At Accredo, an Express Scripts company, pharmacists in the Rare Disease Therapeutic Resource Center® (TRC) have specialized training to assist with the complex care and treatment that these conditions require. Accredo provides specialized care for patients with rare diseases such as nephropathic cystinosis, congenital sucrase-isomaltase deficiency (CSID), urea cycle disorders, homozygous familial hypercholesterolemia, and phenylketonuria.

1 in 10 people are living with a Rare Disease.

Understanding the Condition

Phenylketonuria (PKU) is a rare, inherited disorder occurring in about 1 in every 15,000 births in America. PKU results from a genetic defect in the enzyme required to break down phenylalanine, an essential amino acid. While phenylalanine is necessary for the body to make protein, too much phenylalanine can be toxic. Common early signs associated with PKU include small head size, eczema and a musty body odor. Untreated PKU can result in seizures, behavior problems and mental retardation.
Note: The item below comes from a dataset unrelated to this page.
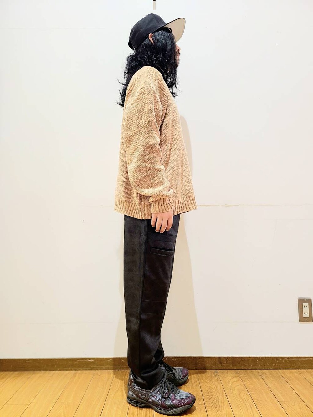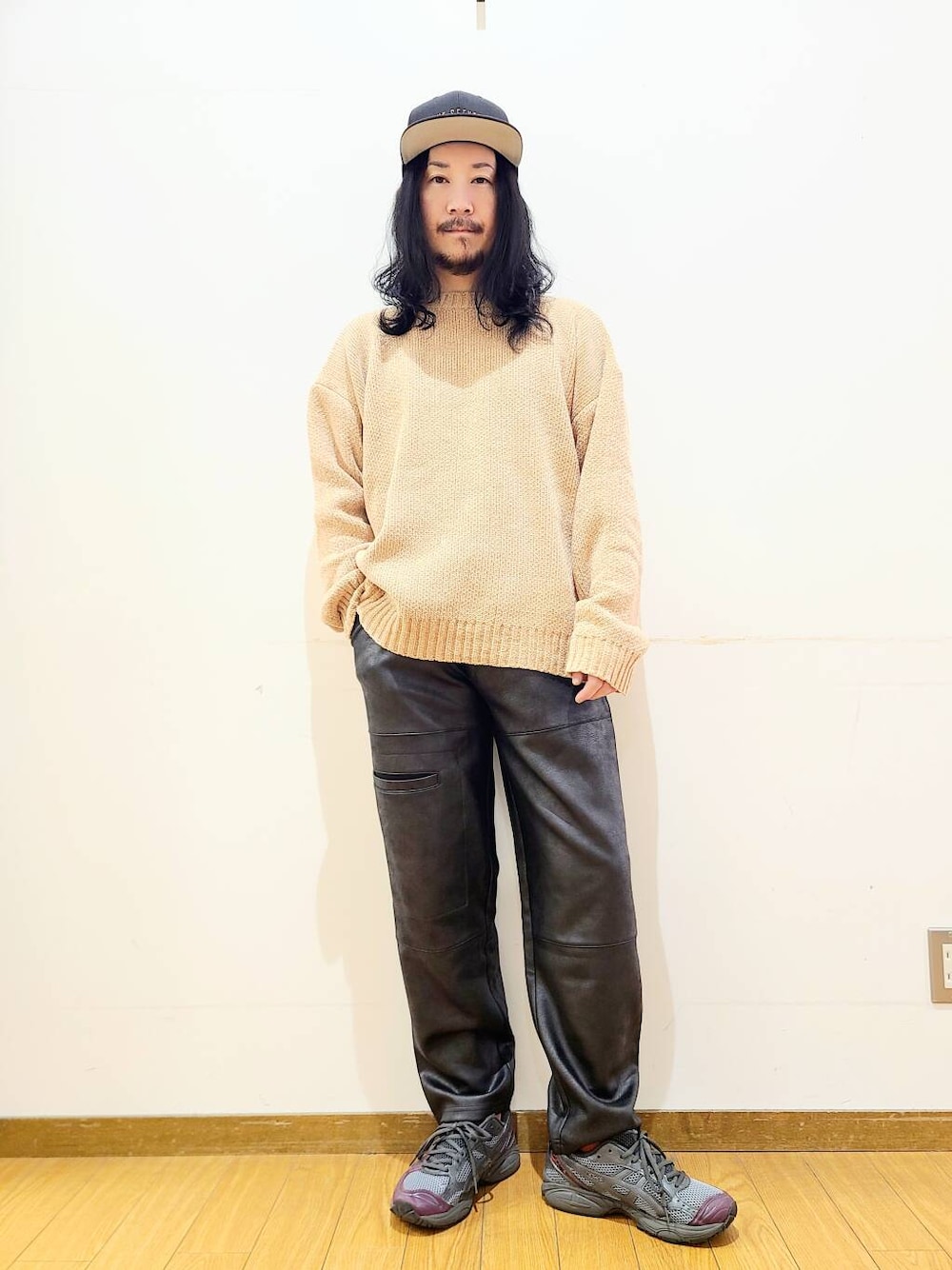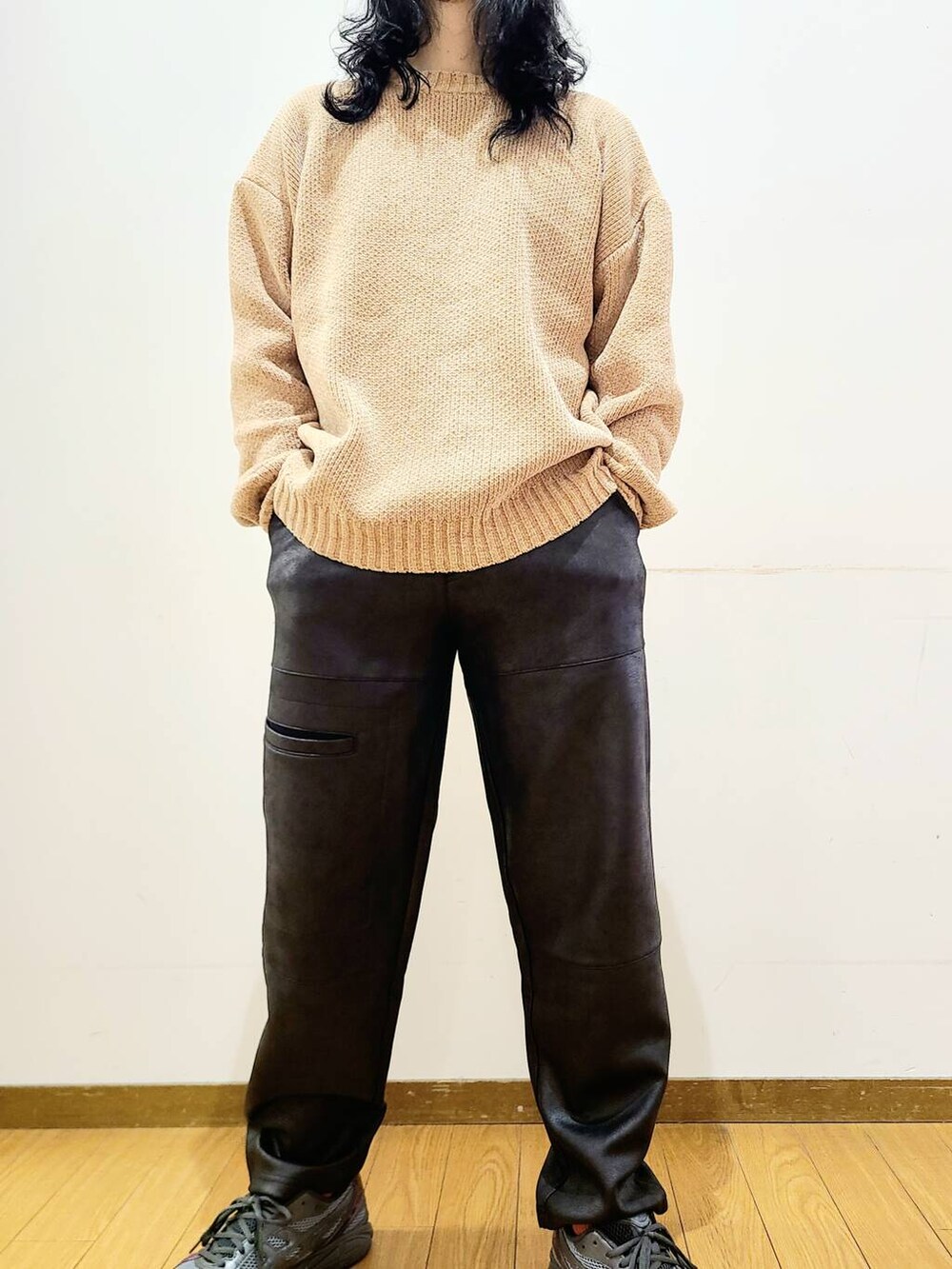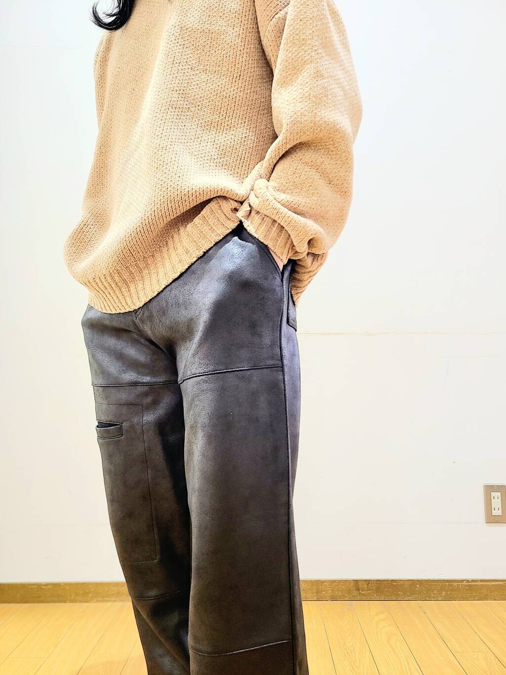フェイクレザーパンツは一見強めの印象ですが、すっきりシルエットでどんなコーディネートにもマッチします。

Women with PKU of childbearing age should talk with their doctor before getting pregnant and ensure their phenylalanine levels are under control. Uncontrolled phenylalanine levels during pregnancy can harm an unborn child – leading to heart defects, impaired growth and cognitive impairment.

PKU is part of newborn screening programs in all 50 states, since early treatment is essential to preventing long-term mental impairment. Newborn screening programs are essential to providing early access to care. Parents with PKU may request pre-natal PKU testing for their baby.
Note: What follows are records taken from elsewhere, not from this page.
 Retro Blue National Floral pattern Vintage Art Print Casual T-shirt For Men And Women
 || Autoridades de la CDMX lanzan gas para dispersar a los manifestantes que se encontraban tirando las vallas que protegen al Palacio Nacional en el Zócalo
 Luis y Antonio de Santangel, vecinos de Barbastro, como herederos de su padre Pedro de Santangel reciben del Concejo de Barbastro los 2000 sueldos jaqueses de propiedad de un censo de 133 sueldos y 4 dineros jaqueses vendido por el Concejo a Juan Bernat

If your child is diagnosed with PKU, engage regularly with the school or daycare to plan for medication and formula administration, special dietary requirements and special educational plans to ensure your child has accommodations for PKU-related conditions.

Why Staying on Track is Key

Unlike some rare diseases, the consequences of nonadherence to diet and medication may not be evident immediately. Patients often “feel” fine without their medication, but may have reduced ability to concentrate and focus or experience depression and anxiety. However, the accumulating effects of poor control can last a lifetime, leading to long-term changes in thinking, behavior and mood.

Treatment for PKU

PKU is a very treatable disease. Current guidelines recommend keeping Phenylalanine levels between 120–360 μmol/Liter.
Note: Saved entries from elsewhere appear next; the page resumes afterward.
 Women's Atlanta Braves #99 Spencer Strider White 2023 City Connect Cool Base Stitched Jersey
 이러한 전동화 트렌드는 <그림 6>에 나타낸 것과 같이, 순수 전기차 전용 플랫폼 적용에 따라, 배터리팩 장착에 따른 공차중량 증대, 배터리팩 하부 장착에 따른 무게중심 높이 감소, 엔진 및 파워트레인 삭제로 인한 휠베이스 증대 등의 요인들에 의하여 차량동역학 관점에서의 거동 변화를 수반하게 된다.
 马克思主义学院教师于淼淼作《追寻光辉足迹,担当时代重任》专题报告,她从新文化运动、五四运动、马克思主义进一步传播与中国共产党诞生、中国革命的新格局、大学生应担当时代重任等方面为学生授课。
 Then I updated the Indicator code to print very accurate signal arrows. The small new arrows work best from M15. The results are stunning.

The cornerstone of therapy is following a strict low-phenylalanine diet. A typical PKU diet will restrict high protein foods such as meat, eggs, dairy products, dry beans and nuts. Instead, most patients use special PKU supplements and medical formulas to meet their protein needs.

Kuvan® (sapropterin) is the only FDA-approved medication available to treat PKU. Kuvan works by increasing the activity of the enzyme that breaks down phenylalanine. Currently available treatments are not a cure for PKU, but adherence to Kuvan and dietary phenylalanine restrictions can keep phenylalanine levels under control.

Getting the Most Out of Your Treatment Plan

Here are a few tips to ensure healthy outcomes for patients with PKU:

  • See your physician regularly and closely follow and keep your regular appointments to check your phenylalanine levels.
  • Follow your low-phenylalanine diet plan recommended by a trained dietician familiar with PKU and consider keeping a food diary.
  • Use mobile applications – such as the Express Scripts app – to help you remember when to take your medication. 

Specialist pharmacists and nurses in the Rare Disease TRC have specialized knowledge of PKU and are available 24/7 to educate patients about medication administration and storage, discuss potential on drug or food interactions, and help manage medication side effects.